Neoadjuvant Pertuzumab: the Exception That Proves the Rule?

Publication
Article
OncologyOncology Vol 28 No 3
Volume 28
Issue 3

Contrary to some expectations, getting accelerated approval for neoadjuvant therapy does not look easy, and the pertuzumab story may be the exception that proves the rule.

Figure: Rates of Pathologic Complete Response (Breast and Lymph Nodes) in Trials of Chemotherapy With Trastuzumab and Pertuzumab

The original impetus for neoadjuvant therapy for breast cancer was to render patients with locally advanced breast cancer operable. In subsequent clinical trials, the key goals of neoadjuvant treatment were to improve surgical options for patients, and to determine whether earlier administration of systemic therapy would lower the risk of breast cancer recurrence. In the end, that latter objective was not realized-but neoadjuvant therapy nonetheless emerged as a treatment option that could enable less extensive surgery and provide effective “adjuvant” treatment. The identification of pathologic complete response (pCR) as a prognostic marker for outcomes following neoadjuvant chemotherapy made neoadjuvant treatment a favorite model for clinical investigators, since neoadjuvant treatment allowed for rapid ascertainment of clinical activity without the time required for long-term follow-up, made every patient an “event” (permitting smaller study sample sizes), and facilitated extensive correlative studies using serial imaging or tissue biopsies. This enthusiasm led to hundreds of trials of neoadjuvant therapy for breast cancer.

Encouraged by this surge of interest and seeking to move innovative drugs into the market more quickly, the US Food and Drug Administration (FDA) developed a framework for accelerated drug approval based not on traditional measures of benefit to the patient, such as disease-free survival (DFS) or overall survival (OS), but on improvement in the surrogate outcome of rates of pCR.[1] The policy handsomely blended risk and reward considerations for makers of novel drugs. The reward of accelerated approval would be granted based on near-term results with pCR. Full approval would be awarded if long-term follow-up confirmed that there was a DFS or OS benefit to the patient population; the risk was that without such long-term gains, accelerated approval would be withdrawn.

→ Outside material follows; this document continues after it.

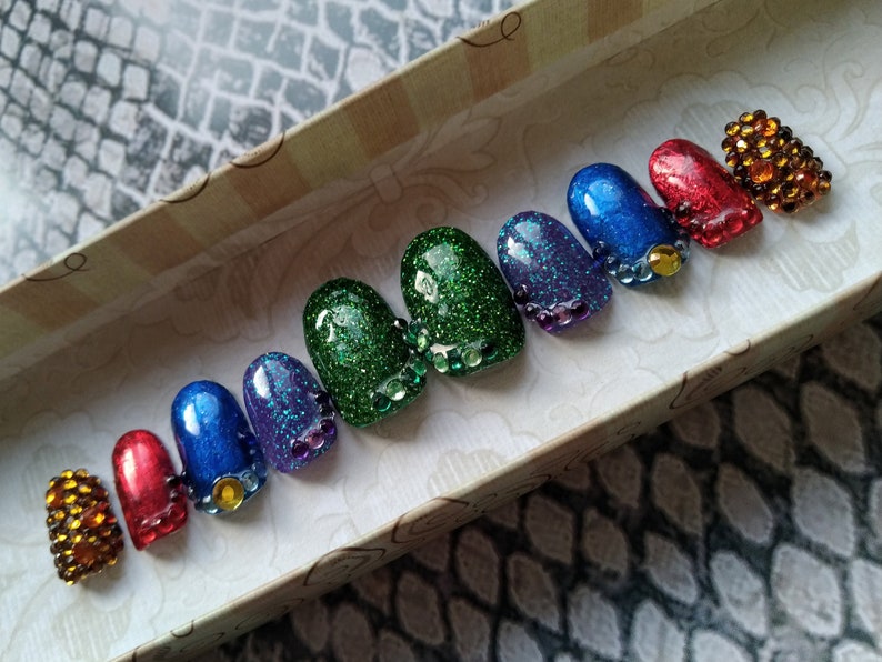 Thanos Infinity Gauntlet Gems Inspired Press On Nail Fake Etsy

The FDA outlined important criteria for studies that might be considered for regulatory intent. Such studies should have an “add-on” design, comparing a standard regimen with the new drug vs without it; they should give all treatment preoperatively, avoiding postoperative therapy or making such treatments uniform; and they should define pCR as pertaining to the breast and lymph nodes. Additional guidance called for placebo-controlled studies and tissue evaluation by pathologists blinded to the treatments. The framework for accelerated approval has been warmly greeted by clinical investigators, advocates, and industry, all hoping to see important new drugs enter the market sooner.

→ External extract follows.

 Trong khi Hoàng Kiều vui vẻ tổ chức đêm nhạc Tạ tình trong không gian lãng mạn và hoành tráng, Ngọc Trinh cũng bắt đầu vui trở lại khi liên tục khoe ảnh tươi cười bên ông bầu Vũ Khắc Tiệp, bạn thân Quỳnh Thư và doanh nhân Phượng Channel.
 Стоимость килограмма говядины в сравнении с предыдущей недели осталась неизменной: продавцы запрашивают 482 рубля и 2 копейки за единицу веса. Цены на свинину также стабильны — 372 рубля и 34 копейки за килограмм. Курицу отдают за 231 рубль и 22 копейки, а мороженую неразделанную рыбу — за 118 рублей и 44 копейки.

In support of the accelerated approval model, the FDA led a meta-analysis to understand the relationship between improvements in pCR and improvements in DFS or OS. A critical goal of this effort was to define the magnitude of shift in pCR rate that would translate into a long-term DFS benefit. The canonical example was the NOAH trial, which studied chemotherapy ± trastuzumab, and showed a shift in pCR (19% vs 38% with the addition of trastuzumab) and related gain in 3-year DFS (56% vs 71%).[2] The meta-analysis confirmed the prognostic significance of pCR in breast cancer. However, it “could not validate” pCR as a surrogate endpoint for improved outcomes in breast cancer, nor did it identify a threshold for shift or gain in pCR rates that would likely predict benefit, or by analogy, recommend accelerated approval.[3]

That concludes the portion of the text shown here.